What makes a reserve wine special?

What makes a reserve wine special?

Selecting an appropriate wine is always tricky – especially if you want to buy wine for a special occasion or as a gift. Red or white, wooded or unwooded, fresh and fruity or big and heavy? You don’t want to poison your partner or client with a dodgy homebrew you found in a corner café. No, you buy the best. You buy the founder’s reserve or the winemaker’s selection. It sounds impressive, but do reserve labels actually mean anything?


Even though Conca’s wine articles are mainly written from a South African perspective, it might be useful to look at a few classic European regions first. Bear in mind that region or origin is very important in Europe, and in most cases the name of the village or commune carries more weight than the name of the producer. The Europeans are pretty descriptive of what farmers and winemakers are allowed to do and what not. If they do not adhere to standards, the wines are labelled as ordinary table wine and do not command the prices of their more prestigious counterparts.

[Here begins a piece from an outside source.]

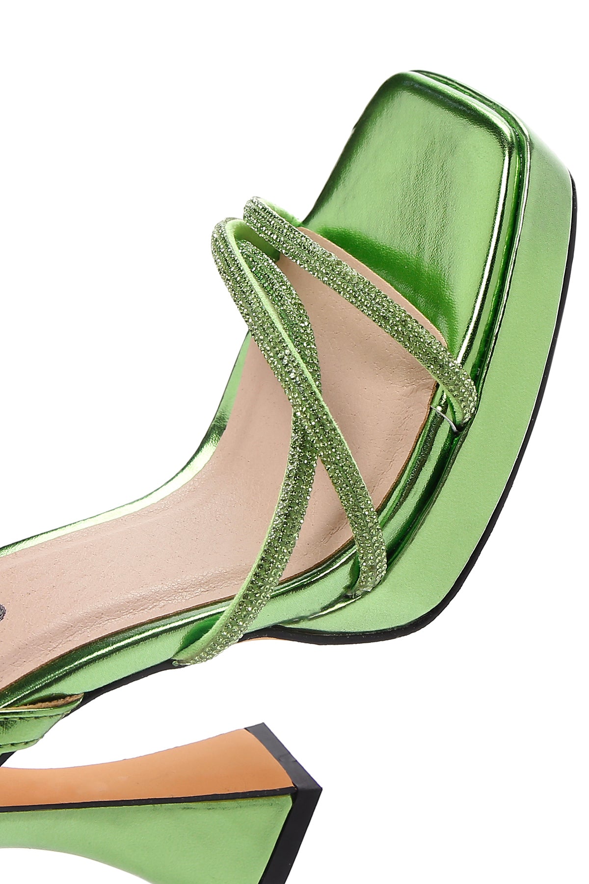 Derimod’un Zarif ve Şıklığı bir arada sunan Kadın Yeşil Taşlı Platform Topuklu Sandalet ile tarzınızı konuşturun. Ürünün kodu: 23SFD445114 45

Let’s start with St Emilion in the Bordeaux region in the southwest of France. On top of a few regulations regarding vineyard practices (like what to plant, planting density, and yield per hectare), this region has a board called the Syndicat Viticole that also monitors the quality of the wines, and classifies the vineyards and producers accordingly. This classification is reviewed every 10 years and is not always without controversy. As a matter of fact, the last review in 2006 ended up in the French High Court.

According to this classification system, entry-level wines from this region are labelled as St Emilion Grand Cru (at about R200 per bottle). Wines one level up are called St Emilion Grand Cru Classe (at about R400 per bottle). A selected few of the producers are allowed to label and market their wines as St Emilion Premier Grand Cru Classe B (at R800+ per bottle), while only two are allowed to label their wines as St Emillion Premier Grand Cru Classe A (at R5000+ per bottle). Compare this to a local Grand Cru at around R30 a bottle…

If we move to La Rioja in the northwest of Spain, we will find a strong focus on the barrel ageing of the wine. Entry-level regional wines with the shortest time in barrel are called La Rioja. Regional wines one level up are called Rioja Crianza, followed by Rioja Riserva. The top wines are labelled Rioja Gran Riserva. Chianti in Italy has its own system. Based mainly on yield per hectare, alcohol level and maturation time in oak barrels, wines are classified as Chianti, Chianti Classico or Chianti Classico Riserva.

Even though the above might seem a bit confusing, I’m sure you get the idea that each region has its own rules and regulations of classifying wine quality and style.

Moving back home, we have a very simple system. You can call it whatever you want. The South African wine industry is very strict in terms of origin and variety, but there is no benchmark for reserve labels. It all boils down to the integrity and ethics of the producer. The vast majority of producers only use reserve labels for their very best wines, but there is no law stopping them from labelling entry-level wines as the winemaker’s choice.

Silly as it may sound, price is always a good indicator. If you’re looking for something special, don’t be surprised if the proprietor’s choice at R35 per bottle is not what you were hoping for. Otherwise, if it is for a special occasion or corporate gift, stick to old faithful and get wine with a good track record.